**Dataset records:**

*-*-*

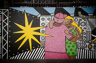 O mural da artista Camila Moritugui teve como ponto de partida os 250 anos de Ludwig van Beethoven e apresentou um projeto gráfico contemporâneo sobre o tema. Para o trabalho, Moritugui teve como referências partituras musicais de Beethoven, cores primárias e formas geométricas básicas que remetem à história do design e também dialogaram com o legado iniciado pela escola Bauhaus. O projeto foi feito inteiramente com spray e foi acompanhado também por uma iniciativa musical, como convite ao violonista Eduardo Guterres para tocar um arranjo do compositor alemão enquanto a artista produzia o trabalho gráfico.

*-*-*

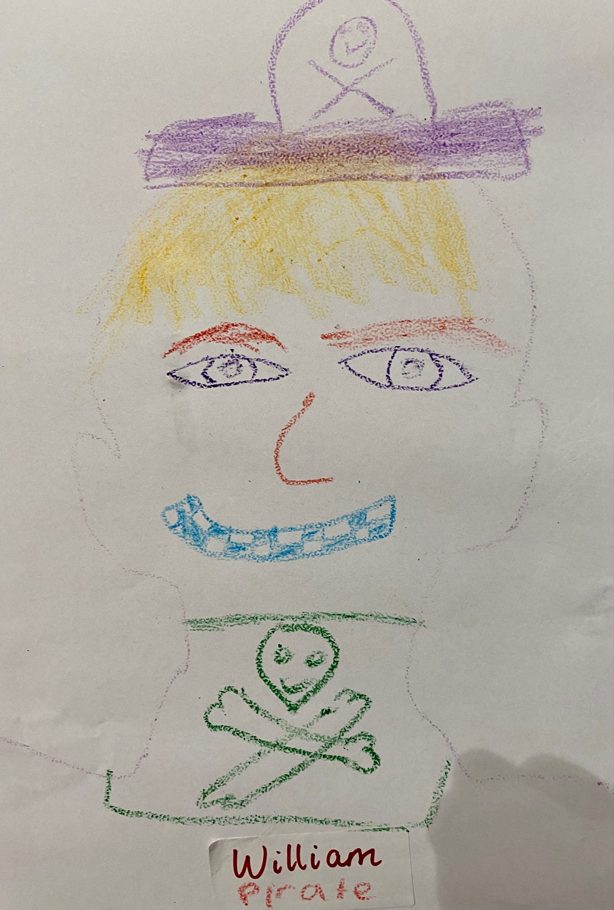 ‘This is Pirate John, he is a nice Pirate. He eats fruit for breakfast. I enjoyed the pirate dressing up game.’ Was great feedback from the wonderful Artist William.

*-*-*

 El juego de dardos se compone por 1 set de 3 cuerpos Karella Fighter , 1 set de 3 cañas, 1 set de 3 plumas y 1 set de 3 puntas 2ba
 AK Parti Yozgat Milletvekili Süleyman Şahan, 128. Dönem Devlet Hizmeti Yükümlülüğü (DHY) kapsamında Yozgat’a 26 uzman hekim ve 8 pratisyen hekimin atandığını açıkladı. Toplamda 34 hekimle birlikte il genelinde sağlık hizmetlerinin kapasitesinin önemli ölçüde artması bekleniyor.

*-*-*

**Assignment:** Everything from the line containing "El juego de" through the line containing "AK Parti Yozgat" in the material above should be retyped exactly, both ends included, and nothing more.

**Task answer:**
 El juego de dardos se compone por 1 set de 3 cuerpos Karella Fighter , 1 set de 3 cañas, 1 set de 3 plumas y 1 set de 3 puntas 2ba
 AK Parti Yozgat Milletvekili Süleyman Şahan, 128. Dönem Devlet Hizmeti Yükümlülüğü (DHY) kapsamında Yozgat’a 26 uzman hekim ve 8 pratisyen hekimin atandığını açıkladı. Toplamda 34 hekimle birlikte il genelinde sağlık hizmetlerinin kapasitesinin önemli ölçüde artması bekleniyor.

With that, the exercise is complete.